To do — Among the following entries, say how many lines contain the word "sein"; the answer is a number and nothing else.

Provided records —
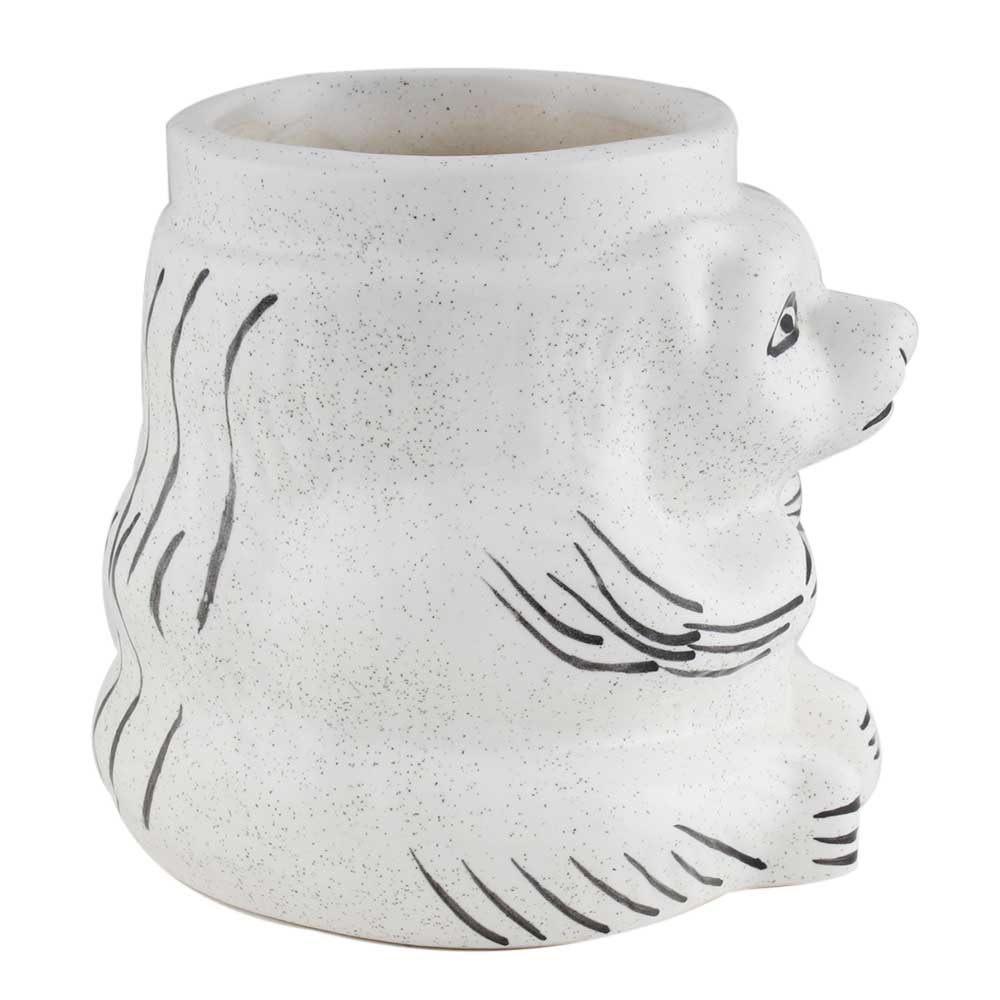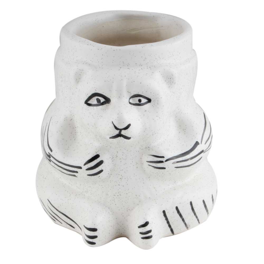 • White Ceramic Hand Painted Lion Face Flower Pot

---

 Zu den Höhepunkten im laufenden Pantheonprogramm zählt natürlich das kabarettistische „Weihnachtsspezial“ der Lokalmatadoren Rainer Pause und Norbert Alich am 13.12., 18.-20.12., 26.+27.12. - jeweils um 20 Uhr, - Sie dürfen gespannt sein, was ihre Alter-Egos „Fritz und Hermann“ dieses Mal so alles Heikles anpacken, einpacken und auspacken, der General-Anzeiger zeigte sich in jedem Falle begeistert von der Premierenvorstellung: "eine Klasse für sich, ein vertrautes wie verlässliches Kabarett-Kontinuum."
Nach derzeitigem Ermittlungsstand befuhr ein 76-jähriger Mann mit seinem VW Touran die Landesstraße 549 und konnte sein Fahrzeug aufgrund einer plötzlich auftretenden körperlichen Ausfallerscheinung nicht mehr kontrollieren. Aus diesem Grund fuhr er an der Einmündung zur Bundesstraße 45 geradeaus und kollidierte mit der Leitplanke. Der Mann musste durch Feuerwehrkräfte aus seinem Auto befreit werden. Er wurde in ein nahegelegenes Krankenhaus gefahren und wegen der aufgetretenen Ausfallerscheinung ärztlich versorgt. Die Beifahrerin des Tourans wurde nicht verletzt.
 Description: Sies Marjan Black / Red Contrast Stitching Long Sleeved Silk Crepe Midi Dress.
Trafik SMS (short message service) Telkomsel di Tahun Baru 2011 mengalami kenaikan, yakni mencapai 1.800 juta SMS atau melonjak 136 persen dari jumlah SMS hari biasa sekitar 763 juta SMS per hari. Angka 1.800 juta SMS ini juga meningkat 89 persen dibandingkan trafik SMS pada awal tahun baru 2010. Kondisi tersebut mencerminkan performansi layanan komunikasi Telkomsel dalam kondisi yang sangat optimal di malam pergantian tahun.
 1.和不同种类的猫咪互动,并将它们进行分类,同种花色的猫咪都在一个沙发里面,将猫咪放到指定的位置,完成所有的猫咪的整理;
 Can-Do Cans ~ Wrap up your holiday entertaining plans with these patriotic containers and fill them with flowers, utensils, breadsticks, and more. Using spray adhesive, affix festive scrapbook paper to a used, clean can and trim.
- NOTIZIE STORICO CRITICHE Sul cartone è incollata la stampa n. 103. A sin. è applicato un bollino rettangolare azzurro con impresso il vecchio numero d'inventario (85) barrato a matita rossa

Solution to this task — 2